A Data-Efficient Framework for Training and Sim-to-Real Transfer of Navigation Policies (1810.04871v1)

Published 11 Oct 2018 in cs.RO, cs.AI, cs.CV, and cs.LG

Abstract: Learning effective visuomotor policies for robots purely from data is challenging, but also appealing since a learning-based system should not require manual tuning or calibration. In the case of a robot operating in a real environment the training process can be costly, time-consuming, and even dangerous since failures are common at the start of training. For this reason, it is desirable to be able to leverage \textit{simulation} and \textit{off-policy} data to the extent possible to train the robot. In this work, we introduce a robust framework that plans in simulation and transfers well to the real environment. Our model incorporates a gradient-descent based planning module, which, given the initial image and goal image, encodes the images to a lower dimensional latent state and plans a trajectory to reach the goal.

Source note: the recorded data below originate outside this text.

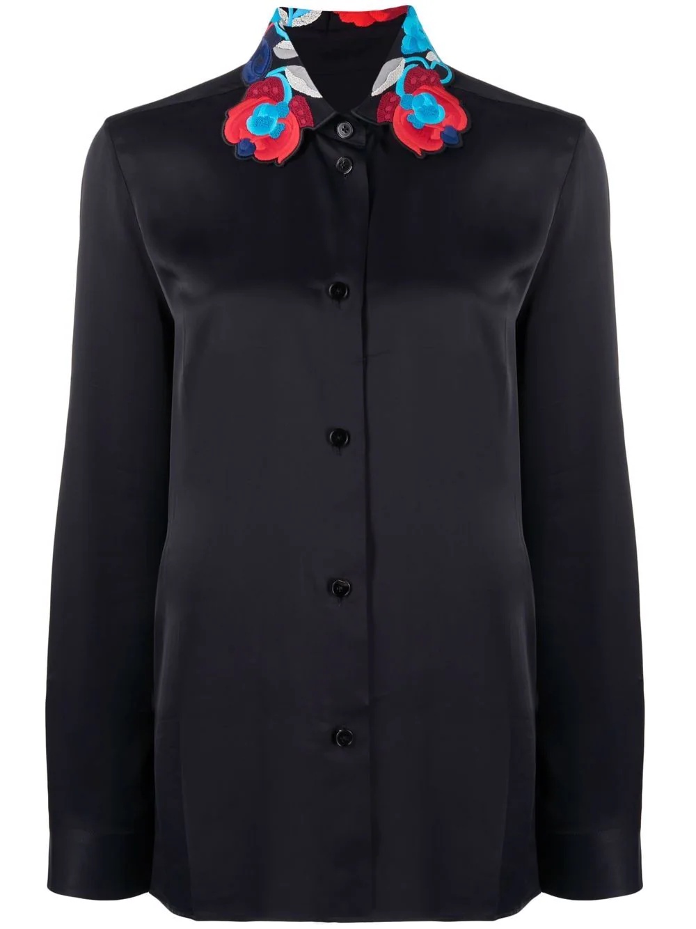 floral-embroidered collar satin shirt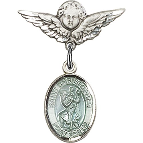 -. Title : Sterling Silver Baby Badge with Blue St. Christopher Charm and Angel w/Wings Badge Pin 7/8 X 3/4 inches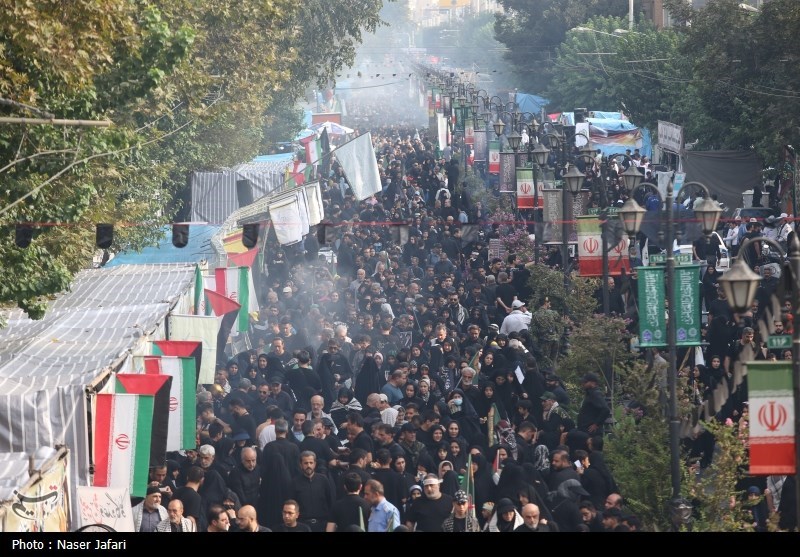جمعیت انبوه مردم تهران که از میدان امام حسین (ع) عازم شهر ری شده‌اند، به سمت قبله تهران در حرکت است و در طول مسیر قدم به قدم بر این جمعیت افزوده می‌شود تا به خیل جمعیتی که در حرم حضرت عبدالعظیم حسنی (ع)، منتظر مراسم ظهر اربعین هستند،‌ بپیوندند.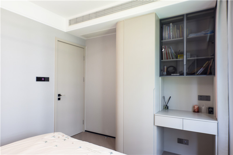 男孩房的設(shè)計(jì)上除了基礎(chǔ)的睡眠區(qū)和收納區(qū)還增設(shè)了一個(gè)學(xué)習(xí)區(qū),穿插的設(shè)計(jì)手法減少了小空間內(nèi)高柜的壓抑感,在滿(mǎn)足實(shí)用性的同時(shí)提升居住的舒適度。
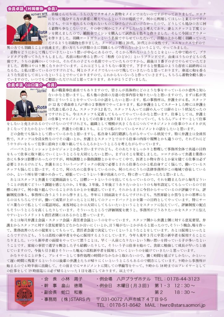 228回 八戸西ロータリークラブ会報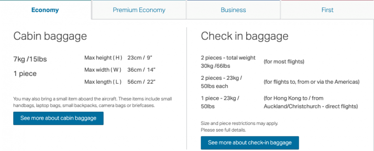 On economy flights, passengers are allotted two checked bags with a combined weight of 66 pounds (on most flights), plus a carry-on of 15 pounds not exceeding 9 inches by 14 inches by 22 inches. Premium economy has a slightly higher checked baggage weight allowance of 77 pounds, but otherwise its policies are the same as economy.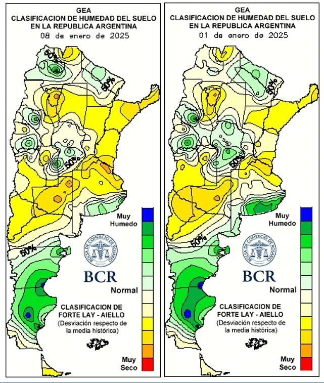 Además de estos incentivos, el ciclo de siembra 2024/2025 prometía una campaña excepcional en cuanto a los volúmenes de producción. Puntualmente si se habla de maíz, el 20% de las plantaciones estaban en excelente estado, mientras que el 65% tenían un muy buen nivel. Pero esta tendencia positiva se vio afectada por la falta de lluvias en la región núcleo.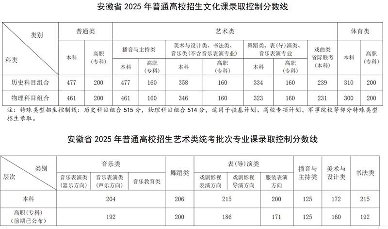 人民网合肥6月25日电 6月25日,经安徽省招委会议审议批准,安徽省教育招生考试院公布安徽省2025年普通高校招生录取控制分数线。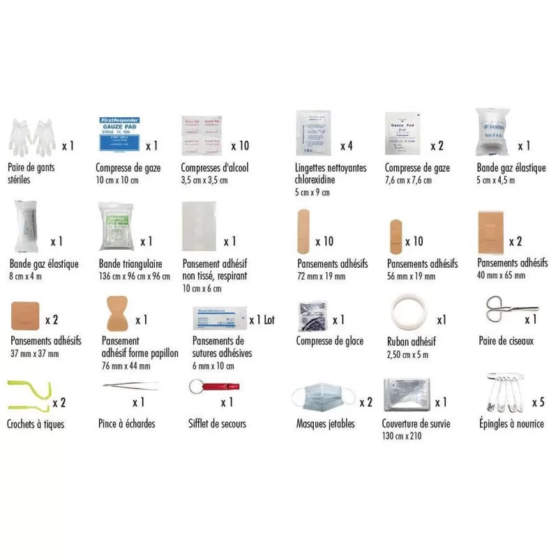 Qu’il s’agisse d’une urgence ou de premiers soins liés à la désinfection d’une plaie, au traitement d’une blessure ou à la prise en charge d’un saignement, la trousse de secours Pharmavoyage Pro XL prouve immédiatement son utilité. Extrêmement polyvalente, elle contient une soixantaine d’éléments susceptibles de vous sauver la mise en cas de coup dur : des gants stériles, divers types de compresses (gaze, alcool, petite taille, grande taille), divers types de lingettes nettoyantes (chlorhexidine, classique, petite, moyenne), divers types de bandes de gaze élastique (petite ou grande), divers types de pansements adhésifs (petits, moyens et grands, différentes formes), un bandage triangulaire, des sutures adhésives, du ruban adhésif, des épingles à nourrice, une paire de ciseaux, des pinces à tiques, une pince à tique, une couverture de survie, un sifflet de signalisation et des masques.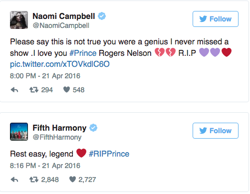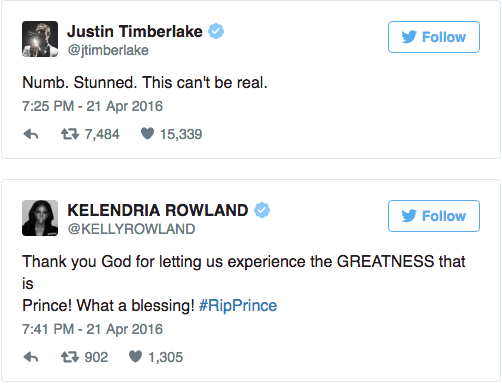 Justin Timberlake, Kelly Rowland, Jennifer Lopez Samuel L. Jackson, Naomi Campbell et plusieurs autres personnalités sont sous le choc. Les artistes et célébrités réagissent au décès de Prince depuis quelques heures sur la toile.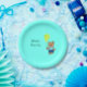 Bunting flags with cute baby bear boy with balloon and text WELCOME BABY BOY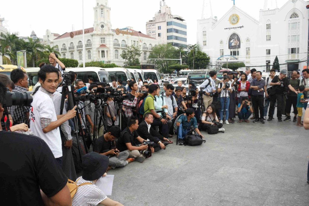 Protestors wearing shirts with the same slogan lined up in front of journalists and reporters and carried posters of the Time Magazine cover featuring Wa Lone’s and Kyaw Soe Oo’s wives Pan Ei Mon and Chit Su Win, photographed carrying portraits of the two journalists.

The model, consisting of the encoder and planner modules, is trained through a meta-learning strategy in simulation first. We subsequently perform adversarial domain transfer on the encoder by using a bank of unlabelled but random images from the simulation and real environments to enable the encoder to map images from the real and simulated environments to a similarly distributed latent representation. By fine tuning the entire model (encoder + planner) with far fewer real world expert demonstrations, we show successful planning performances in different navigation tasks.

Citations (37)

View on Semantic Scholar

Summary

The paper presents a framework that efficiently trains visuomotor navigation policies by combining simulation data with limited real-world fine-tuning.
It employs adversarial domain adaptation and a stochastic forward dynamics model to effectively handle real-world uncertainties.
Experimental results in lane-following tasks demonstrate robust performance and significantly reduced reliance on extensive real-world training.

Introduction

The paper introduces a framework designed to efficiently train visuomotor policies for robotic navigation by combining simulation and real-world data. The main focus is on reducing the high cost and risk associated with real-world robot training through sim-to-real transfer by using meta-learning and adversarial domain adaptation techniques.

Methodology

General Framework

The proposed method involves training a planner in a simulated environment, transferring the learned policy to a real setup using adversarial domain adaptation, and fine-tuning with a small number of real-world examples.

Figure 1: Sim-to-real transfer of navigation policies, illustrating the main elements such as simulation-based training, adversarial discriminative transfer, and real environment fine-tuning.

Stochastic Forward Dynamics Model

Introducing a stochastic element in the dynamics model addresses the real-world stochasticity not captured by a deterministic model. This is achieved by embedding the state transitions in a probabilistic framework, thereby enhancing robustness when deployed on real robots.

Learning the Planning Loss Function

To improve adaptability, the authors propose a multi-layer perceptron (MLP) as a learnable planning loss function. This approach adapts the loss to specific task requirements, optimizing it through an outer-loop imitation learning process.

Regularization Strategies

The paper incorporates smoothness and consistency regularization techniques to expedite convergence. Smoothness regularization ensures consecutive latent states are close in latent space, while consistency regularization enforces congruence between direct image encodings and propagated states.

Sim-to-Real Transfer Approach

The sim-to-real transfer leverages a generative adversarial network (GAN) architecture to match the latent encodings of real and simulated images. This adversarial training aligns the image embeddings such that the dynamics model, trained in simulation, can generalize effectively to real-world conditions.

Experimental Setup

Environment

Experiments are conducted in the Duckietown simulator and physical testbed to evaluate policy performance in lane-following and left-turn scenarios. This diverse set of initial conditions facilitates a comprehensive assessment of both the trained policy and transfer strategy.

Results

Performance in Simulation

The planner demonstrates strong performance in simulation, evidenced by rapid convergence and high average rewards in lane-following and left-turn tasks. Model A, with full multi-component integration, outperformed baseline methods significantly.

Figure 2: Evaluation of the inner loop loss function on Duckietown Simulator, demonstrating robustness across various horizon lengths trained via curriculum learning.

Real Robot Deployment

Successful sim-to-real transfer is validated by the model's performance in real-world tests, achieving over 50% completion rates even in challenging configurations. The adversarial adaptation technique proved effective, requiring fewer real-world iterations compared to direct training.

Figure 3: Evaluation of the performance of adversarial transfer in terms of loss as a function of the number of real and simulated images used in training, after pre-training in simulation with 2000 expert demos.

Conclusion

The paper presents a robust framework for sim-to-real transfer that significantly reduces the number of required real-world demonstrations. The methodology demonstrates a marked improvement in the ease and efficiency of training robotic navigation policies, paving the way for broader applicability in complex robotic tasks. Future work may include refining the adversarial transfer process to further minimize real-world training data requirements and exploring additional applications within mobile robotics.